Volkswagen’s Sebastien Ogier joined the four-time World Rally Champion club – populated by Juha Kankkunen, Tommi Makinen and Sebastien Loeb (with his nine titles) – by winning the Rally of Spain; two events before the conclusion of the 2016 season.
Local hero Dani Sordo initially led the event for Hyundai before being inexorably reeled in by Ogier, who took his fifth win of the season but only his first with a gravel component this year.
Spain is the sole mixed-surface event on the calendar, but up to then Ogier had not triumphed on any of the gravel rallies in 2016, as the result of running order regulations that force the championship leader to run first on the road over the opening two days of each event.
Ogier was naturally bitterly opposed to this, even threatening to quit the championship at one point.
“What’s hard to take is that this was a regulation written specifically to punish our success, but in the end we still got the result that we wanted, and that’s the memory that we will take away of this year,” said the Frenchman at the finish, who continued a remarkable record of sealing every title he has won with a rally victory.

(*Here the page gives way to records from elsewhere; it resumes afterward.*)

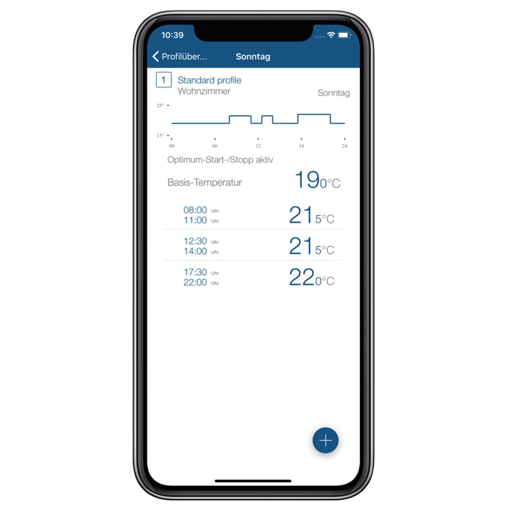 - Personalisierte Heizprofile: Erstellen Sie bis zu drei individuelle Zeitpläne mit bis zu 13 täglichen Temperaturänderungen, um Ihren Tagesablauf perfekt abzubilden.
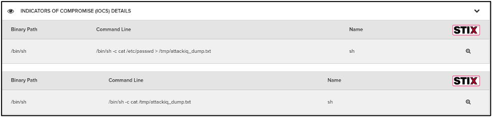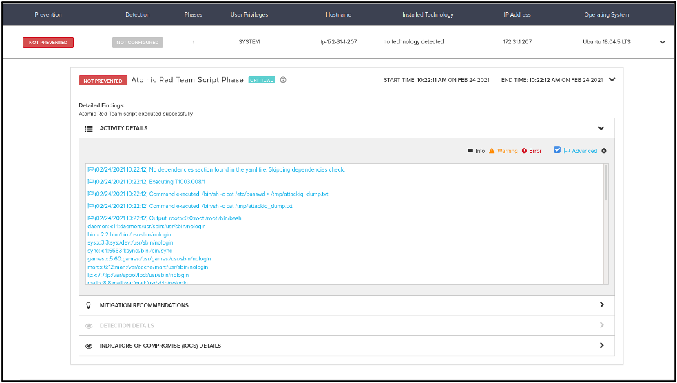 As with any other scenario, under the Indicators of Compromise (IOCs) Details section, you can see the details of all the commands executed by the test. Notice how the custom parameter you configured for “output_file” was used in the commands:
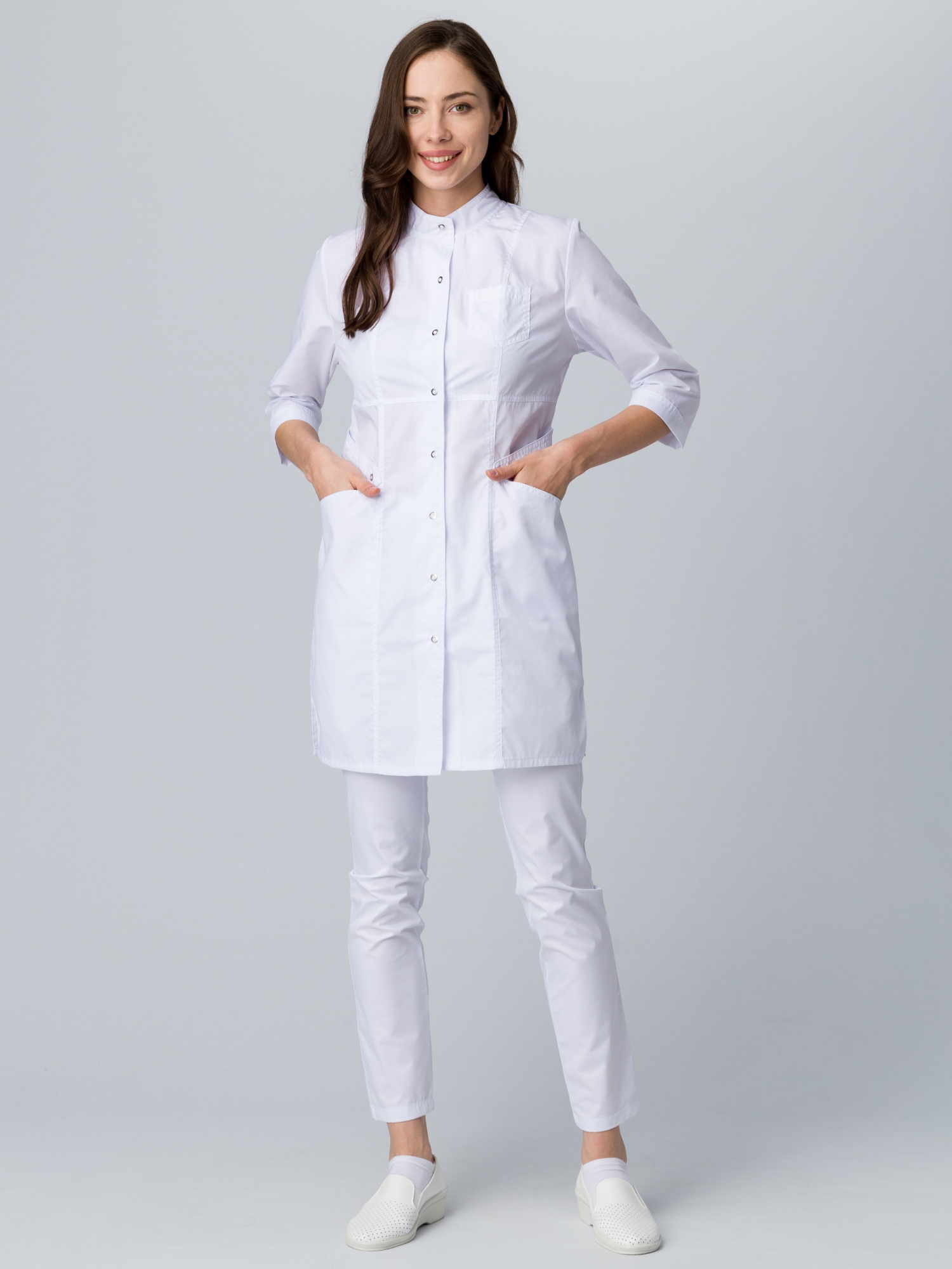 Халат женский Симпл-001 (тк.Смесовая,120) MedLine, белый (ЧЗ) (120-124/170-176)

Tellingly, it was only when the route switched to asphalt on Saturday and Sunday that he was able to make his advantage count. For the most part he faced his rivals alone: team-mates Jari Matti Latvala and Andreas Mikkelsen were ruled out of contention due to suspension breakage and a big accident respectively.
So it was the Hyundai drivers that once again emerged as Ogier’s biggest challengers, with Thierry Neuville completing the podium behind Sordo. Citroën had an event to forget, with Kris Meeke admitting he made too many mistakes and Craig Breen finishing 10th after bring stymied by driveshaft failure.